Note: NFS Service is not available, You Can Manually Start/Stop NFS Service.

[root@node02]# clusvcadm -e mynfs
Local machine trying to enable service:mynfs...Success
service:mynfs is now running on node02 .example.com
[root@node02 ~]# clustat
Cluster Status for cluster8 @ Sat Nov 5 17:03:13 2011
Member Status: Quorate
Member Name ID Status
------ ---- ---- ------
node02 .example.com 1 Online, Local, rgmanager
node01.example.com 2 Online, rgmanager
Service Name Owner (Last) State
------- ---- ----- ------ -----
service:mynfs node02 .example.com started
[root@node02 ~]# showmount -e 192.168.11.111
Export list for 192.168.11.111:
/oradata *


-d <service>
Stops and disables the user service named service
-e <service>
Enables and starts the user service named service


Freeze/Unfreeze Cluster Services:

[root@node02 ~]# clusvcadm -Z mynfs
Local machine freezing service:mynfs...Success
[root@node02 ~]# clustat
Cluster Status for cluster8 @ Sat Nov 5 17:04:08 2011
Member Status: Quorate
Member Name ID Status
------ ---- ---- ------
node02 .example.com 1 Online, Local, rgmanager
node01.example.com 2 Online, rgmanager
Service Name Owner (Last) State
------- ---- ----- ------ -----
service:mynfs node02 .example.com started [Z]
[root@node02 ~]# showmount -e 192.168.11.111
Export list for 192.168.11.111:
/oradata *

Note: NFS Service is available, You Can Manually Start/Stop NFS Service.
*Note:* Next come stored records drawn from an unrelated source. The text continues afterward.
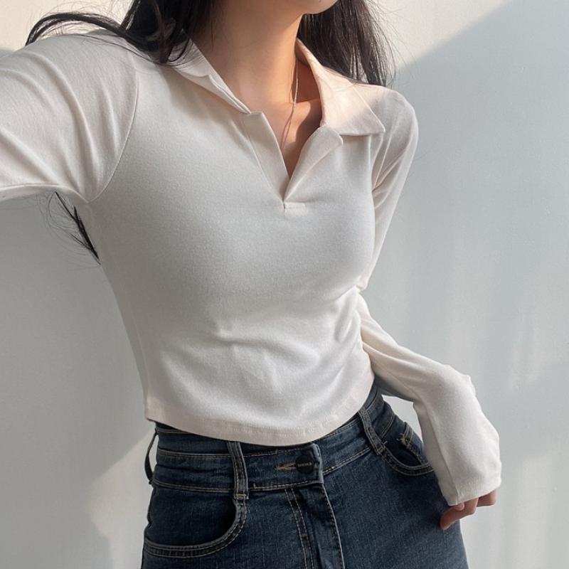 쫀득 탄탄 러블리 오픈카라 크롭 긴팔 티셔츠
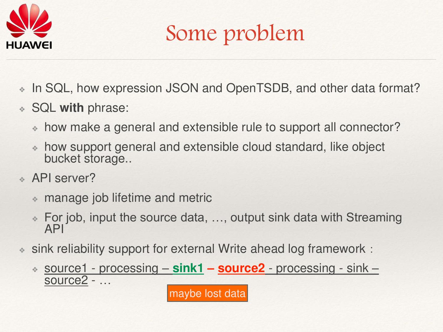 16 . Some problem ❖ In SQL, how expression JSON and OpenTSDB, and other data format? ❖ SQL with phrase: ❖ how make a general and extensible rule to support all connector? ❖ how support general and extensible cloud standard, like object bucket storage.. ❖ API server? ❖ manage job lifetime and metric ❖ For job, input the source data, …, output sink data with Streaming API ❖ sink reliability support for external Write ahead log framework: ❖ source1 - processing – sink1 – source2 - processing - sink – source2 - … maybe lost data
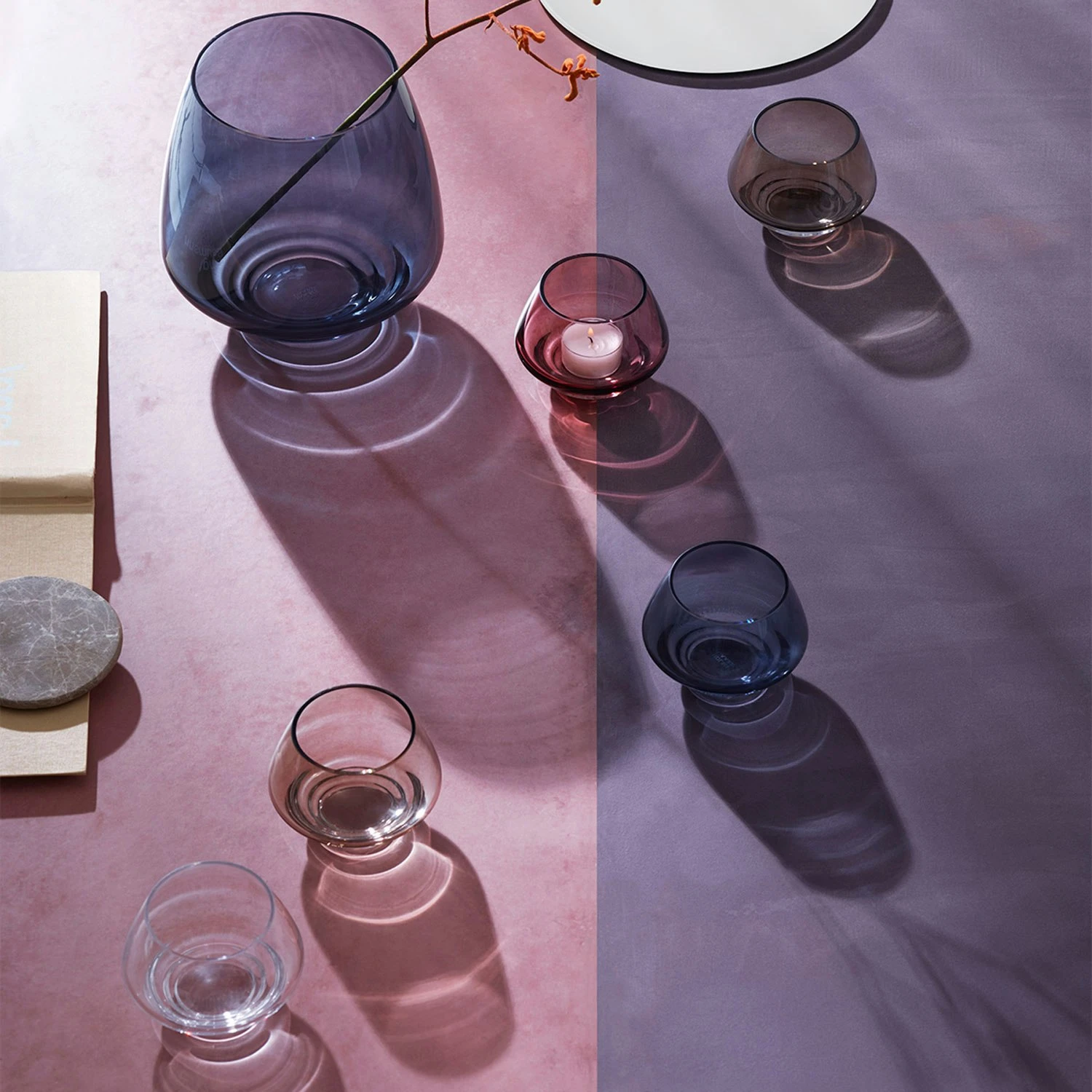 The candle holder Flow from Holmegaard has a practical design so that it can be used both as a candle holder and a vase. It is made of blue mouth-blown glass and casts magnificent shadows, that looks like ripples. The inspiration for Flow comes from liquid material that is in constant motion. Is not dishwasher safe.

[root@node02 ~]# /etc/init.d/nfs stop
Shutting down NFS mountd: [ OK ]
Shutting down NFS daemon: [ OK ]
Shutting down NFS quotas: [ OK ]
Shutting down NFS services: [ OK ]
[root@node02 ~]# clustat
Cluster Status for cluster8 @ Sat Nov 5 17:04:28 2011
Member Status: Quorate
Member Name ID Status
------ ---- ---- ------
node02 .example.com 1 Online, Local, rgmanager
node01.example.com 2 Online, rgmanager
Service Name Owner (Last) State
------- ---- ----- ------ -----
service:mynfs node02 .example.com started [Z]
Note: I Stop NFS Service Manually, But Cluster Service Status is Start Stat.
[root@node02 ~]# clusvcadm -U mynfs
Local machine unfreezing service:mynfs...Success
[root@node02 ~]# clustat
Cluster Status for cluster8 @ Sat Nov 5 17:05:07 2011
Member Status: Quorate
Member Name ID Status
------ ---- ---- ------
node02 .example.com 1 Online, Local, rgmanager
node01.example.com 2 Online, rgmanager
Service Name Owner (Last) State
------- ---- ----- ------ -----
service:mynfs node02 .example.com started

Note: After Unfreezing, Cluster RG Meager Detect the Cluster NFS Service is in Stop Stat. That’s why it’s failover on other node (node01.example.com) automatically.

[root@node02 ~]# clustat
Cluster Status for cluster8 @ Sat Nov 5 17:05:33 2011
Member Status: Quorate
Member Name ID Status
------ ---- ---- ------
node02 .example.com 1 Online, Local, rgmanager
node01.example.com 2 Online, rgmanager
Service Name Owner (Last) State
------- ---- ----- ------ -----
service:mynfs node01.example.com started


-Z <service>Freezes the service named service on the cluster member on which it is currently running. This will prevent status checks of the service as well as failover in the event the node fails or rgmanager is stopped.
-U <service>Unfreezes the user service named service on the cluster member on which it is currently running. This will re-enable status checks.